This problem isn't unique to gaming, is it? Hollywood is seeing the exact same problems. Out of control budgets, ever slower production and cratering audience figures even for what should be reliable IPs. Disney's Snow White being a notorious example of the problem, but it's endemic. Severance was a huge hit for Apple TV+ but seems likely to have made a loss due to absurdly lax cost control.
You're probably underplaying the problem of wokeness. It isn't just that it upsets potential customers (and that is a huge issue, regardless of whether you like them or not). It's that wokeness degrades management skill across an organization by insisting on the hiring and promotion of people based on ideology, even if they can't deliver.
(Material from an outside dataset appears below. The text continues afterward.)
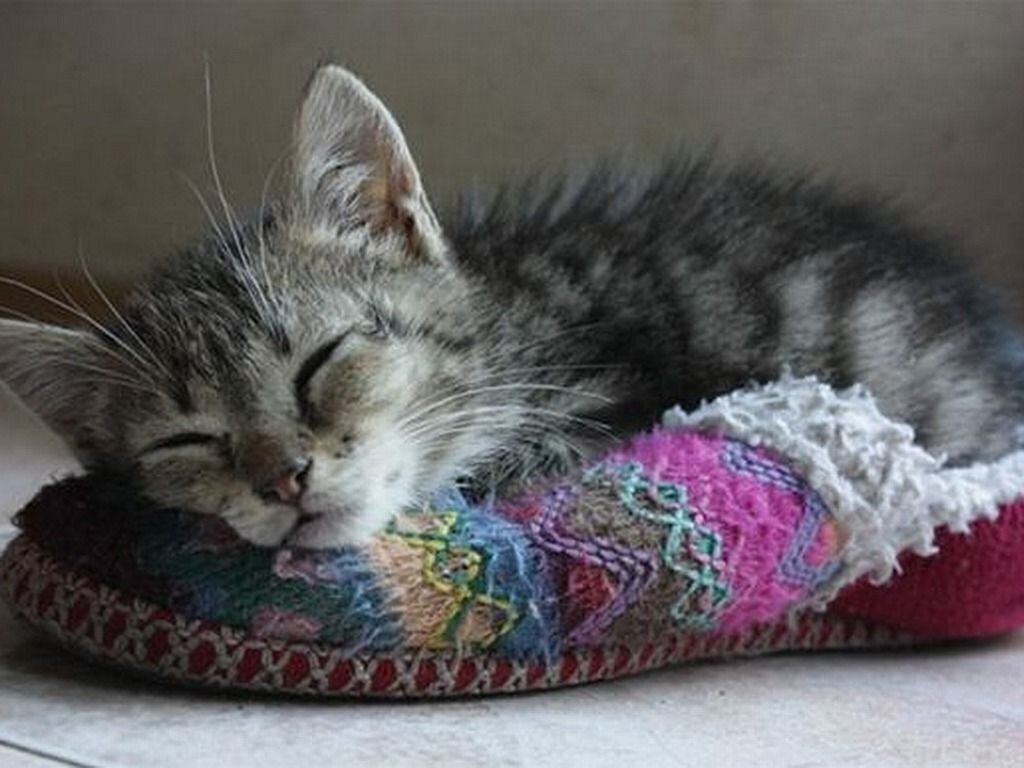 Утром, муж заметил котёнка на своём тапке, мирно спящего возле кровати.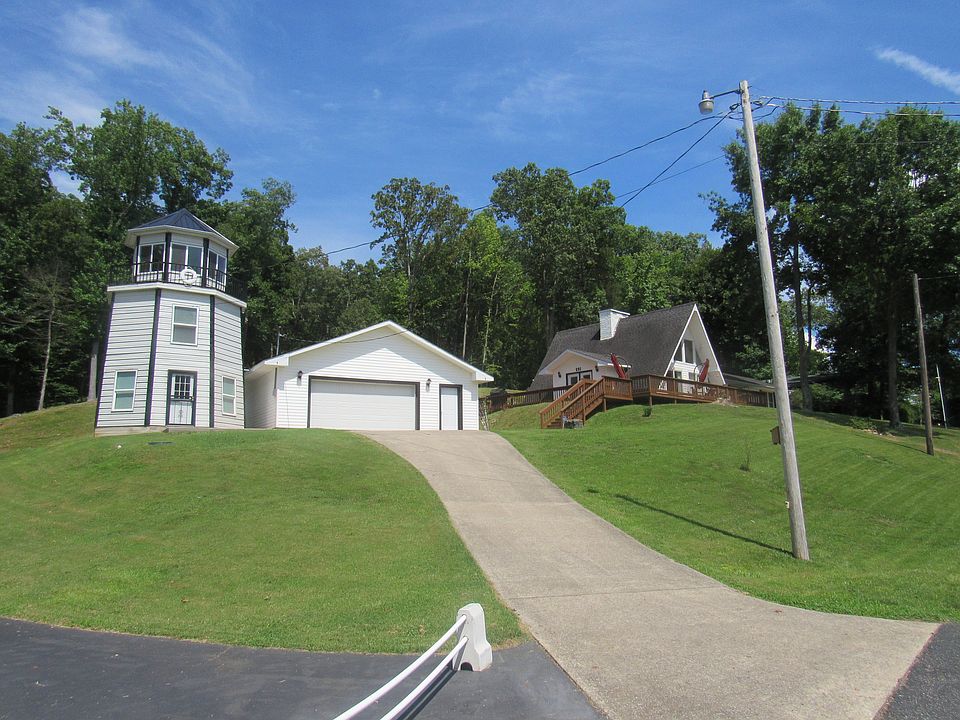 LAKEFRONT WITH DOCK ON THE MAIN CHANNEL BREATHTAKING VIEWS BRING YOUR TOYS Main home has 2 bd/1bath plumbing in place for master bath(2nd bath) gas log FP, NEW HVAC/duct work NEW insulation and drywall, wrap around deck, hot tub, Detached 2 car garage, Guest "Lighthouse" 1bd/1bath with a top observation room boasting panoramic view wrap around porch,XL RV barn with a full bath/laundry and its own septic ready for RV with hook ups to water and septic. Concrete boat ramp

After enough years of this organizational effectiveness is trashed, ability to take on board feedback is trashed, ability to impose deadline pressure is trashed (would create a hostile workplace!) and so on.
Look at all the companies that are failing hardest right now, and what you see is always the same: they fail at their core mission by prioritizing ideology whilst telling themselves it's virtuous to be losing money because it proves they're fighting the good fight. The people making the bad decisions can't be removed for the same reasons, which is why Kathleen Kennedy sticks around.
The fix is simple enough, though unlikely to happen anytime soon: new studios need to be set up that have a policy of refusing to hire woke people. Once a culture of excellence is restored, the ability to ship will be restored with it.
Bad Management in the “too lose” sense makes good sense to me as a IT Architect (not gaming industry).
Dovetails nicely with a more general pet peeve of mine:
Complex projects requires discipline and discipline requires consequences.
The game industry attracts people attracted to “recreative IT” rather than “IT built for specific organizational needs”.
That means that the game industry in general can get away with lower wages, because “the dream job” score is high.
However that also means that the rate of “disillusioned employees” will be higher and the “ego battles” of the people hired ro be visionaries cause “scope slide and creep” issues.
I remeber reading Wired about the process at the end of the Pixar golden age of animation, and the horror of the milestones, when the creatives were hit by a hard deadline and “whatever they had now would have to do”.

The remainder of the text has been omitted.